These two libraries allow both 32-bit and 64-bit C programs to run on a 64-bit Linux system.
The ldd command
Apart from knowing that a statically linked program is likely to be large, how can you tell whether
a program is statically linked? And if it is dynamically linked, how do you know what libraries it
needs? The ldd command can answer both questions. If you are running a system such as Debian
or Ubuntu, you probably don't have the sln executable, so you might also want to check the /sbin/
ldconfig executable. Listing 2 shows the output of the ldd command for the ln and sln executables
and also the ldconfig executable. The example is from a Fedora 22 64-bit system (atticf20). For
comparison, the output from Ubuntu 14 32-bit system (attic-u14) is shown for /bin/ln.
Listing 2. Output of ldd for sln and ln
[ian@atticf20 ~]$ # Fedora 22 64-bit
[ian@atticf20 ~]$ ldd /sbin/sln /sbin/ldconfig /bin/ln
/sbin/sln:
not a dynamic executable
/sbin/ldconfig:
not a dynamic executable
/bin/ln:
linux-vdso.so.1 (0x00007ffedd31e000)
libc.so.6 => /lib64/libc.so.6 (0x00007f2d3bd5d000)
/lib64/ld-linux-x86-64.so.2 (0x00007f2d3c11d000)
ian@attic-u14:~/data/lpic-1$ # Ubuntu 14 32-bit
ian@attic-u14:~/data/lpic-1$ ldd /bin/ln
linux-gate.so.1 => (0xb779d000)
libc.so.6 => /lib/i386-linux-gnu/libc.so.6 (0xb75d7000)
/lib/ld-linux.so.2 (0xb77a0000)
Because ldd is actually concerned with dynamic linking, it tells us that both sln and ldconfig are
statically linked by telling us that they are "not a dynamic executable," while it tells us the names
of three shared libraries (linux-vdso.so.1, libc.so.6, and /lib64/ld-linux-x86-64.so.2) that the ln
command needs.
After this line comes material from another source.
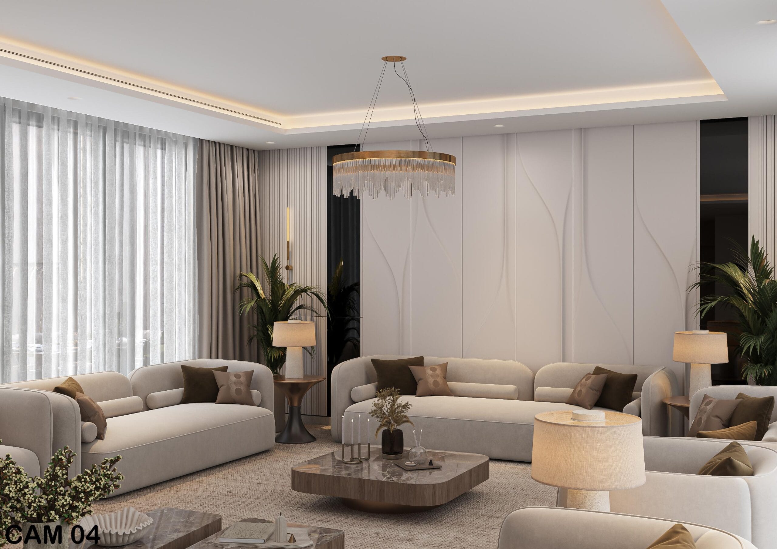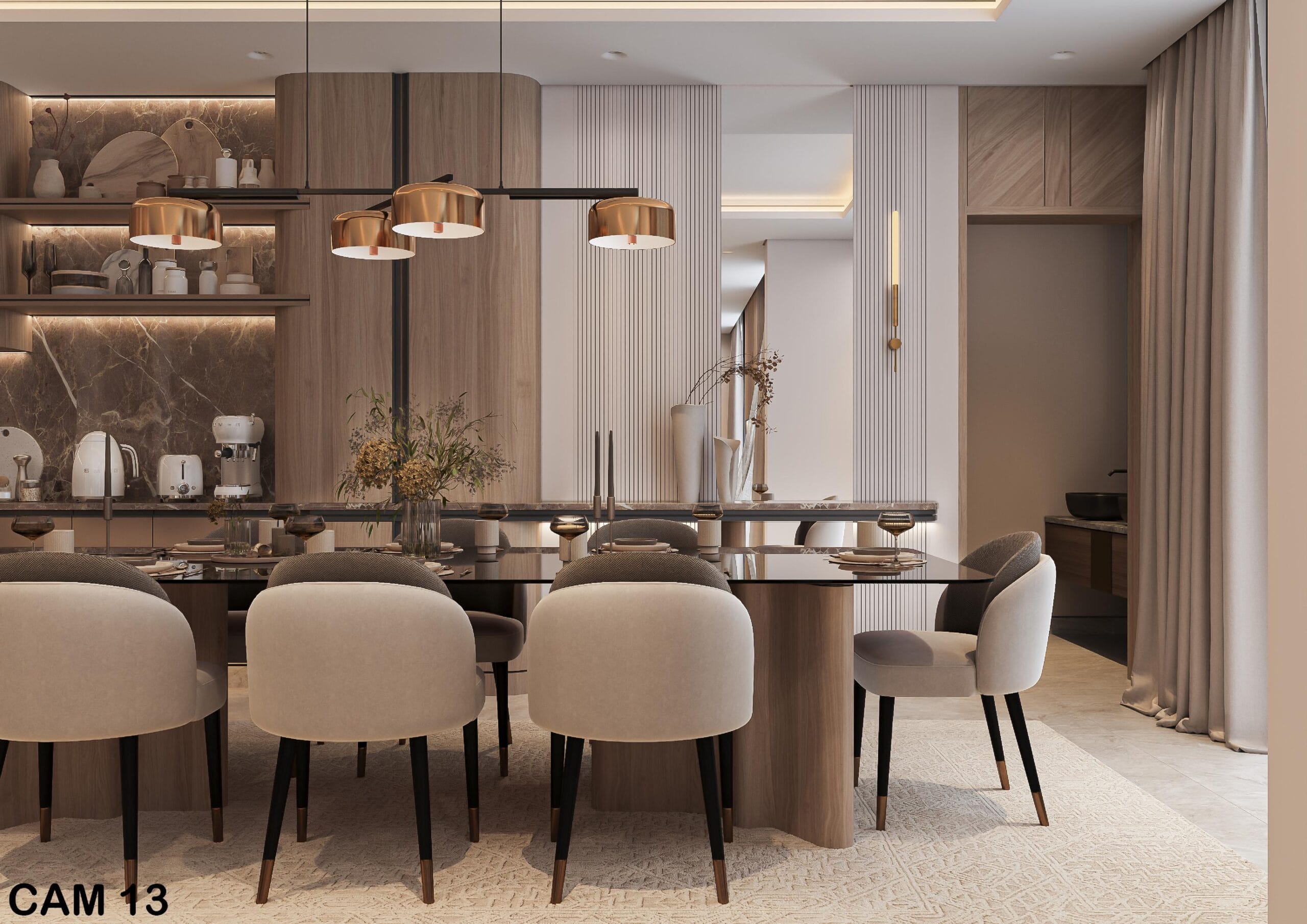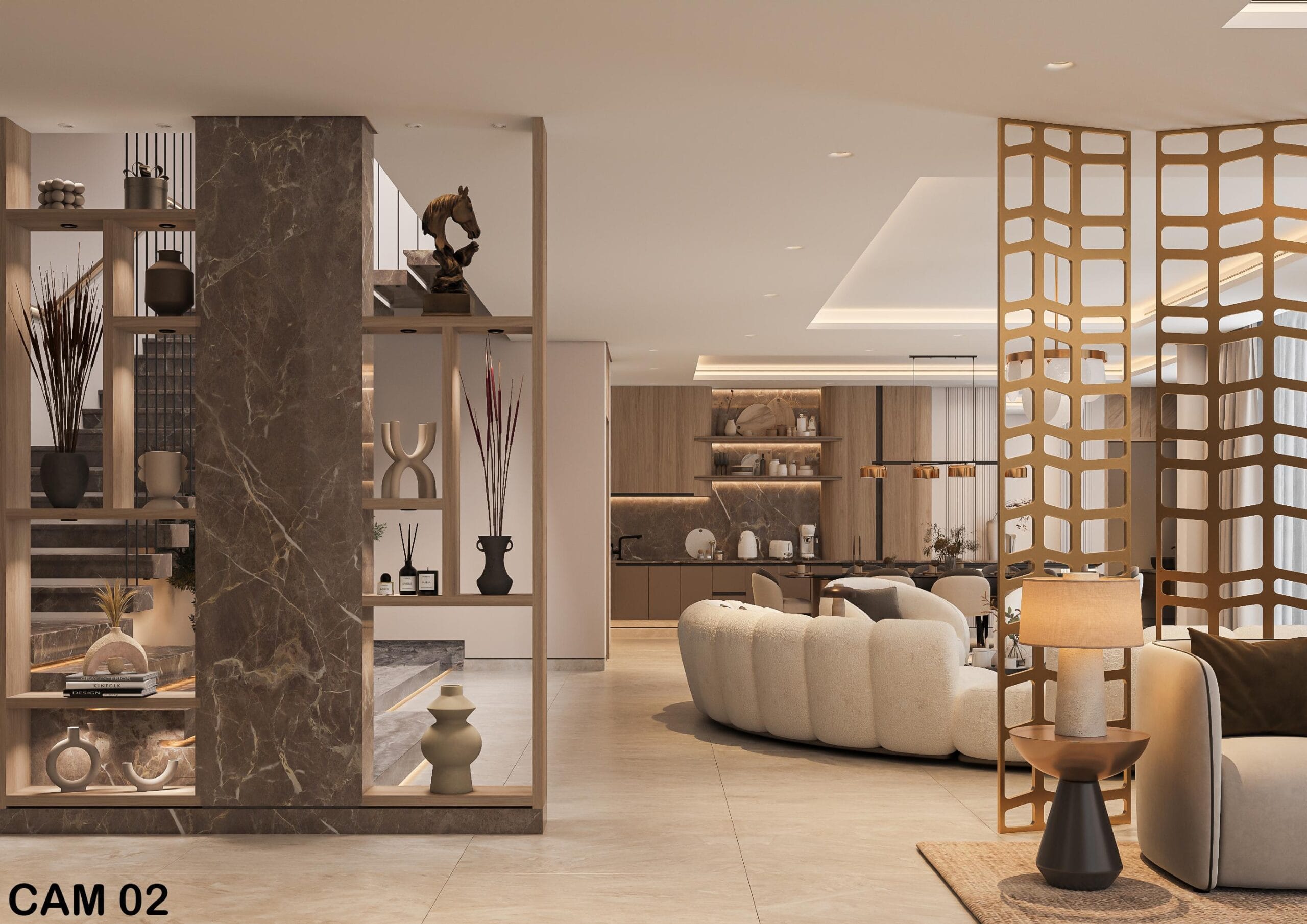 Creating a striking yet understated presence. Inside, the open-concept living space boasts plush white furnishings, intricate golden decor, and a fireplace that adds a cozy touch to the grand, airy room. The gourmet kitchen and dining area are adorned with polished wood finishes, marble countertops, and ambient lighting, perfect for hosting lavish gatherings. Outdoor living extends seamlessly with a private terrace, lush landscaping, and a tranquil poolside area, offering a seamless fusion of luxury and nature.

Note that .so indicates that these are shared objects or dynamic libraries. This
output also illustrates three different types of information you are likely to see.
linux-vdso.so.1
is the Linux Virtual Dynamic Shared Object, which I discuss in a moment. You can also see
linux-gate.so.1 as in the Ubuntu 14 example.
libc.so.6
has a pointer to /lib64/libc.so.6 or /lib/i386-linux-gnu/libc.so.6. You can also see this pointing
to /lib/libc.so.6 on older 32-bit systems.
/lib64/ld-linux-x86-64.so.2
is the absolute path to another library.
In Listing 3, I use the ls -l command to show that the last two libraries are, in turn, symbolic links
to specific versions of the libraries. The example is from a Fedora 22 64-bit system. This allows
library updates to be installed without the need to relink all the executables that use the library.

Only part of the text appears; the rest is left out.